Scientists have developed a new system to study Creutzfeldt-Jakob disease in the laboratory, paving the way for research to find treatments for the fatal brain disorder.
The team have devised a method of studying the abnormal proteins responsible for the disease - called prions - in specialised brain cells grown from stem cells.
It is the first time scientists have been able to infect human cells with the proteins in the laboratory.
Creutzfeldt-Jakob disease (CJD) is a human disease similar to Bovine Spongiform Encephalopathy (BSE) in cows and Chronic Wasting Disease in deer.
Until now, the only way to study the human form of the disease has been in animals.
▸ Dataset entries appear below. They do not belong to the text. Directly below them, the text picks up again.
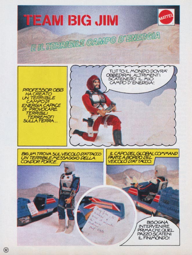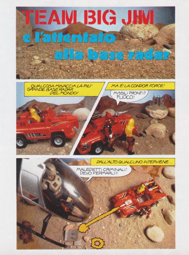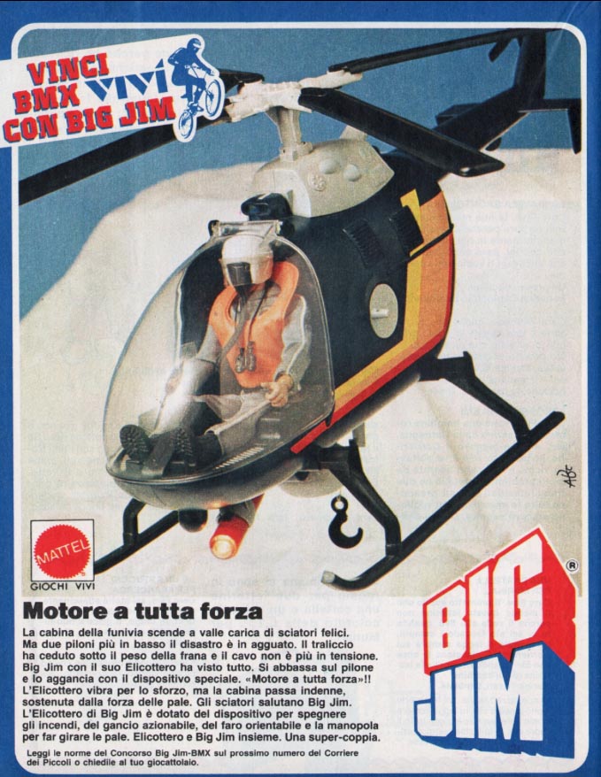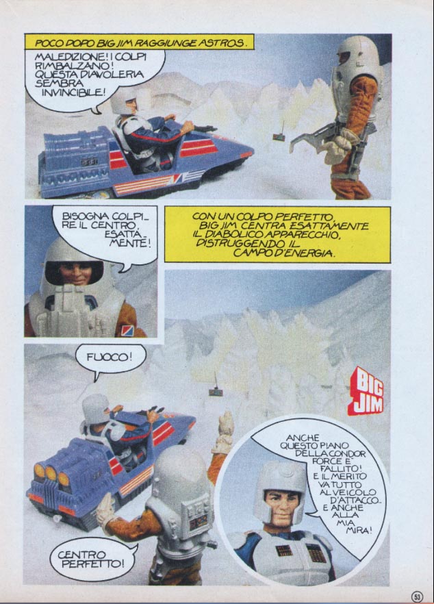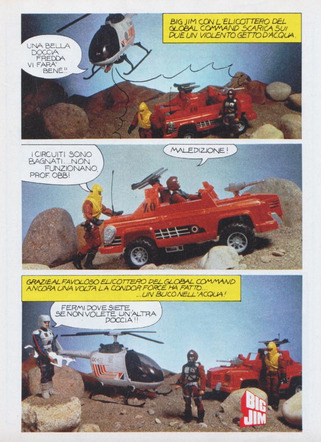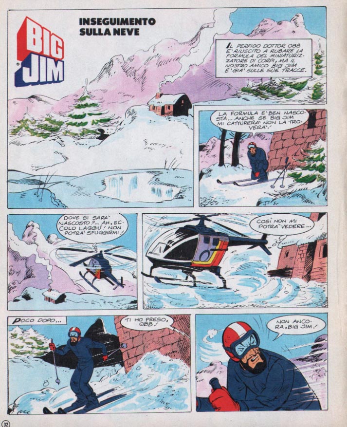 C'est l'hélicoptère de la gamme spy qui est mis en avant dans cette pub et cette aventure en BD qui se déroulent toutes les deux en haute montagne. On y apprend au début que le perfide Professeur Obb s'est installé dans un refuge pour mettre au point "une formule qui permet de rapetisser le corps humain". A la taille d'un Big Jim peut-être ? :wink: :lol:
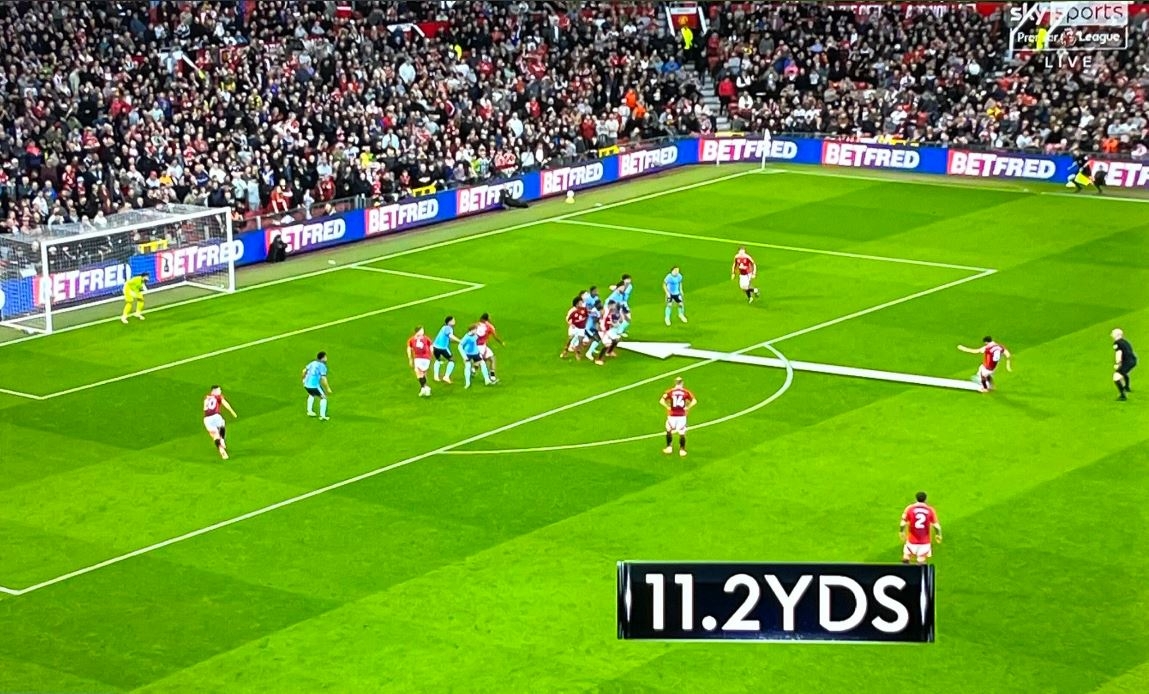 人墻失誤?轉(zhuǎn)播顯示B費(fèi)任意球距槍手人墻11.2碼,規(guī)則僅要求10碼
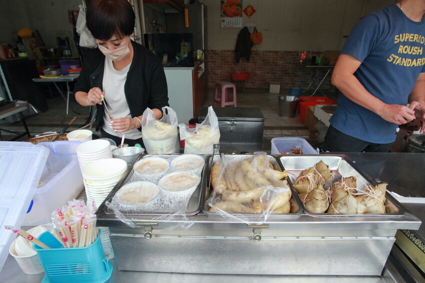 這攤位上有放置大腸、肉粽及碗粿給客人挑選。
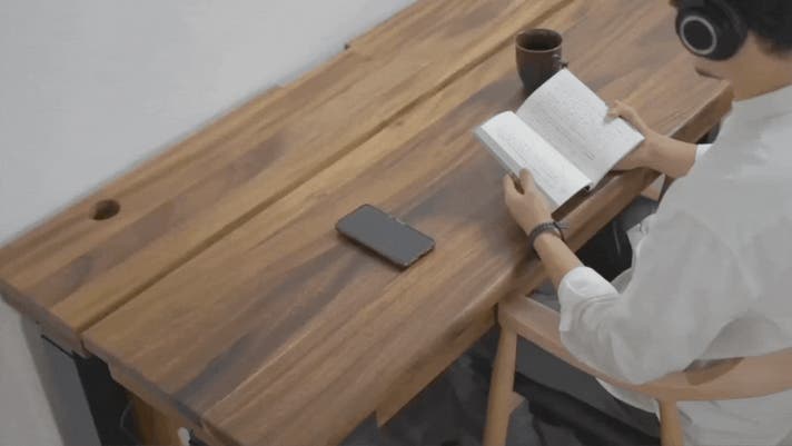 空間:黒のモーターパーツと組み合わせれば、そこはまるでホテルの書斎。深く、濃密で、時が静かに流れるような空間が現れます。一つとして同じものはない木目が、あなたのデスクに特別な表情を与えます。

Efforts to investigate how prions are passed between brain cells have been hampered by an inability to replicate the proteins in human cells in the lab.
Researchers led by the University of Edinburgh generated brain cells called astrocytes from induced pluripotent stem cells - non-specialised cells that have the ability to transform into other cell types.
They successfully infected these cells in a dish with prions isolated from brain samples of CJD patients.
The infected astrocytes produced more prions and were able to infect neighbouring healthy cells, something scientists had never been able to recreate in the lab before.
Experts say this marks a significant milestone in the quest to better understand prion diseases in people, and could eventually aid the development of new therapies.
The study is published in the Journal of Experimental Medicine.